The cell suspension (2 × 10⁵ cells/2 ml/well) of K562, HL60 or U937 cells was placed in an 8-well plate and incubated for 24 h at 37°C under a 5% CO₂ atmosphere. The DMSO solution of the testing sample (10 μl) was added and further incubated for 24 h. The cells were harvested and collected, followed by staining with DNA-Prep Reagents Kit for 20 min. Then, the supernatant was removed by centrifugation, and the cell pellets were re-suspended in 500 μl of D-PBS (−). After being filtered with a 40–μm nylon mesh filter, the cell suspension was available for cell cycle analysis by flow cytometer (λex = 493 nm, λem = 630 nm). The analysis result was quantified by ModFit software (Verity Software, Topsham, ME).
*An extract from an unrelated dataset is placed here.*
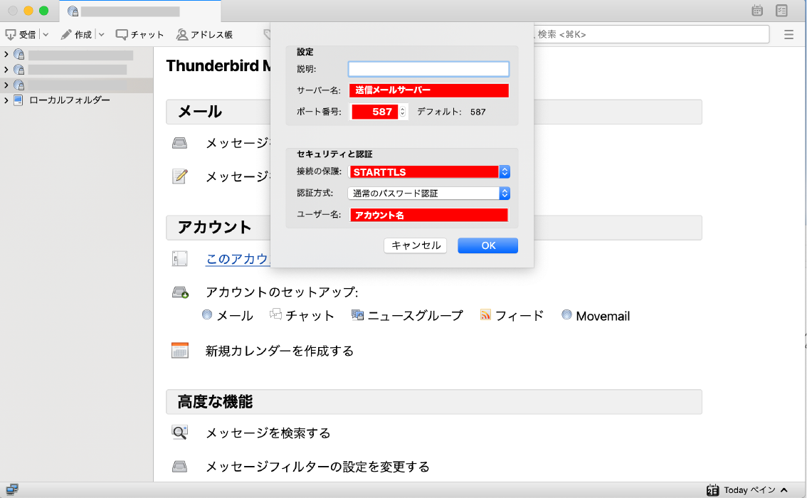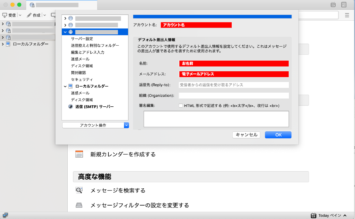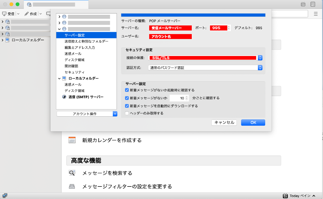 【Mac】Thunderbird POP3設定方法

The cell suspension (1 × 10⁶ cells/10 mL) of K562 cells was incubated in a flask together with 15 μM of smenospongine for the indicated length of time under a 5% CO₂ atmosphere at 37°C. The cells collected by centrifugation (1000 g for 3 min at 4°C) were washed with cold PBS and treated with lysis buffer (50 mM Tris-HCl, pH7.2; 1% NP-40; 0.25% sodium deoxycholate; 150 mM NaCl; 1 mM EDTA; 1 mM PMSF; 1% proteinase inhibitor cocktail) to furnish a cell lysate. Protein assay was carried out using a Bio-Rad protein assay kit. After boiling at 95°C for 5 min in the sample buffer (0.125 M Tris-HCl (pH 6.8), 10% 2-mercaptoethanol, 4% SDS, 10% sucrose, 5% bromophenol blue), the equal amounts of protein were subjected to SDS-Polyacrylamide gel electrophoresis (SDS-PAGE) and then transferred to PVDF membrane. The membrane was blocked with 5% milk TBS (Tween PBS) and exposed to anti-Cip1/WAF-1/p21, anti-human underphosphorylated Rb, or anti-β-actin antibody and then anti-mouse IgG HRP-conjugated antibody. The bound antibodies were visualized using an Enhanced Chemiluminescence (ECL) system.
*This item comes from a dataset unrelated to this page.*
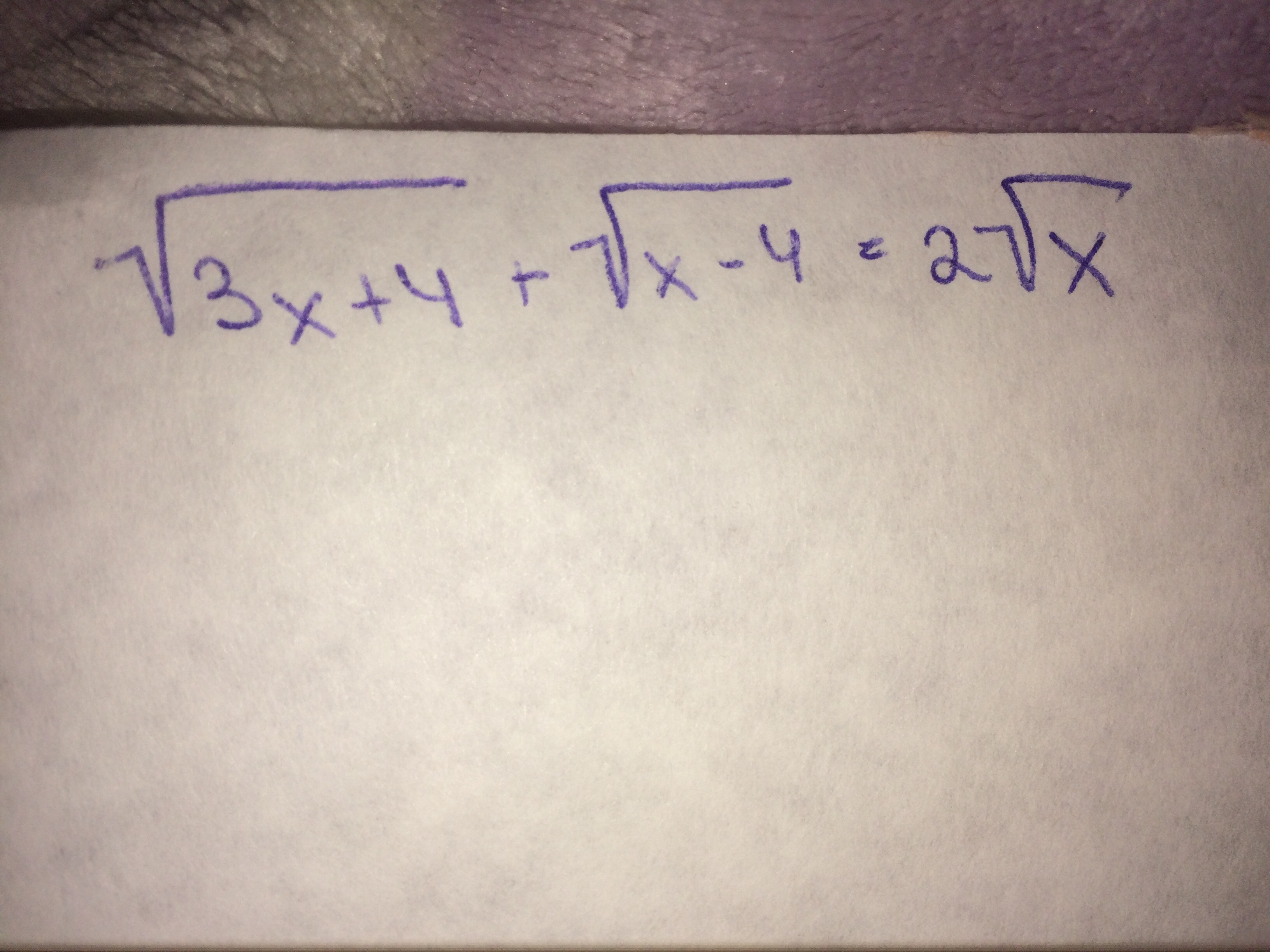 sqrt{3x+4}+ sqrt{x-4} =2 sqrt{x}

K562 cells were transfected with a human wild-type p21 promoter-luciferase fusion plasmid, pWWP, by DEAE-Dextran (CellPhect Transfection Kit, Amersham Pharmacia Biotech). The cells were incubated at a density of 5 × 10⁴ cells/mL in a 12-well plate for 24 h. The 125 ng of the reporter plasmid DNA, pWWP, in DEAE-Dextran was added to perform transfection for 15 min. The transfected cells were further incubated for 24 h followed by DMSO, smenospongine or TSA treatment for another 24 h. Finally, the cells were collected for luciferase assay, which was carried out by use of the luciferase assay system (E1501, Promega) as described previously [18]. The luminescence was measured by using MICRO LUMAT Plus LB96V (BERTHOLD) and WING LOW software. The activation of p21 promoter was evaluated by the relative light intensity compared with that of the control (cells treated with DMSO only) [18].